From the first line to the last, restate the material word for word, omitting pictures.
::: SUPPLIED DATA :::
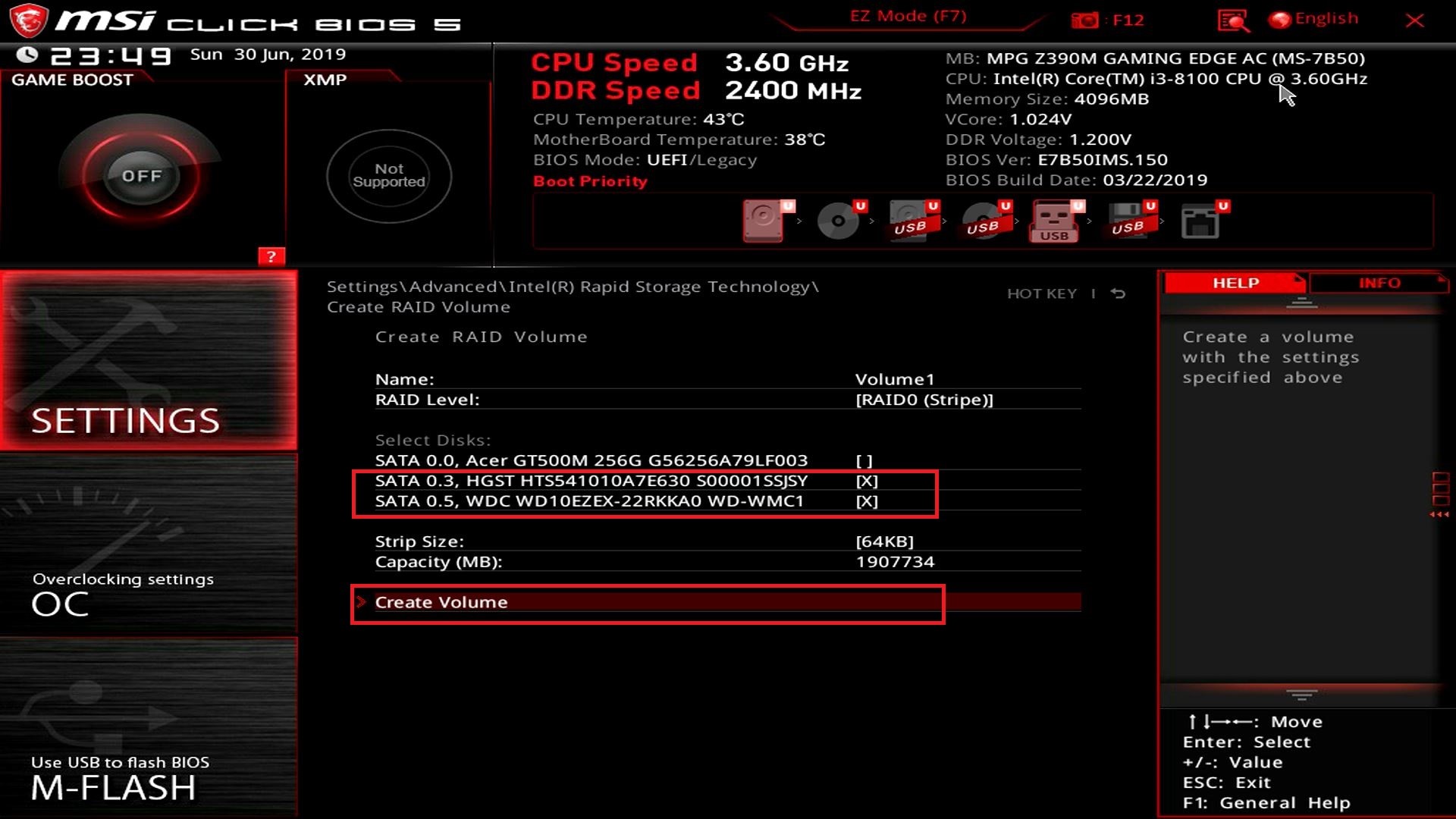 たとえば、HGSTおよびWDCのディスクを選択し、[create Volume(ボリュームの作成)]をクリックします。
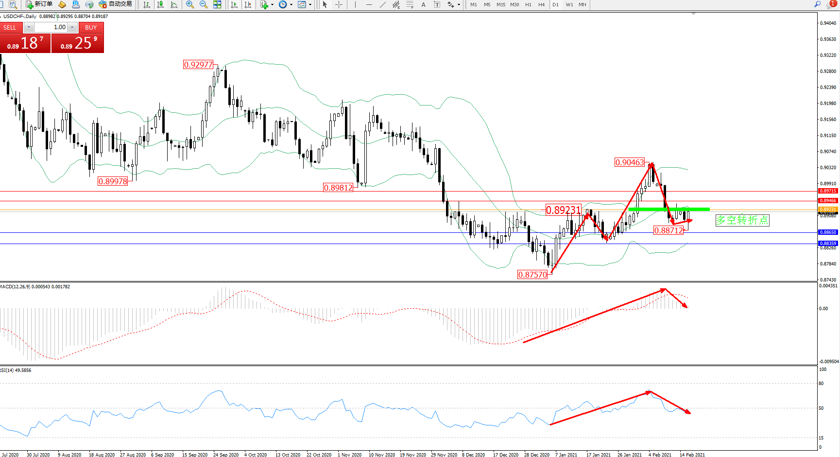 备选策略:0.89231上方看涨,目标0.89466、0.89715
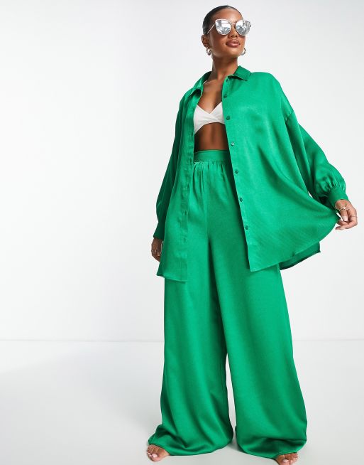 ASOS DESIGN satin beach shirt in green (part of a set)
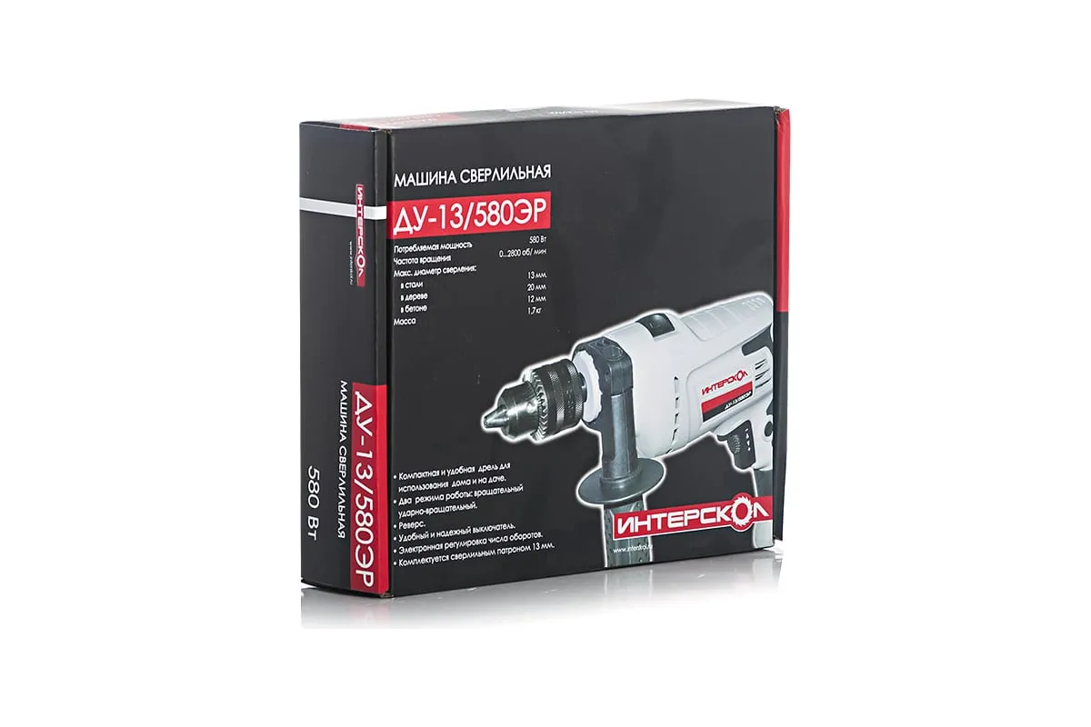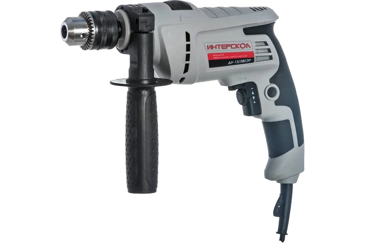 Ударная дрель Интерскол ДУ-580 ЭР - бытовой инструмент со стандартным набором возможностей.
:::
*SOLUTION TO THIS EXERCISE:*
 たとえば、HGSTおよびWDCのディスクを選択し、[create Volume(ボリュームの作成)]をクリックします。
 备选策略:0.89231上方看涨,目标0.89466、0.89715
 ASOS DESIGN satin beach shirt in green (part of a set)
 Ударная дрель Интерскол ДУ-580 ЭР - бытовой инструмент со стандартным набором возможностей.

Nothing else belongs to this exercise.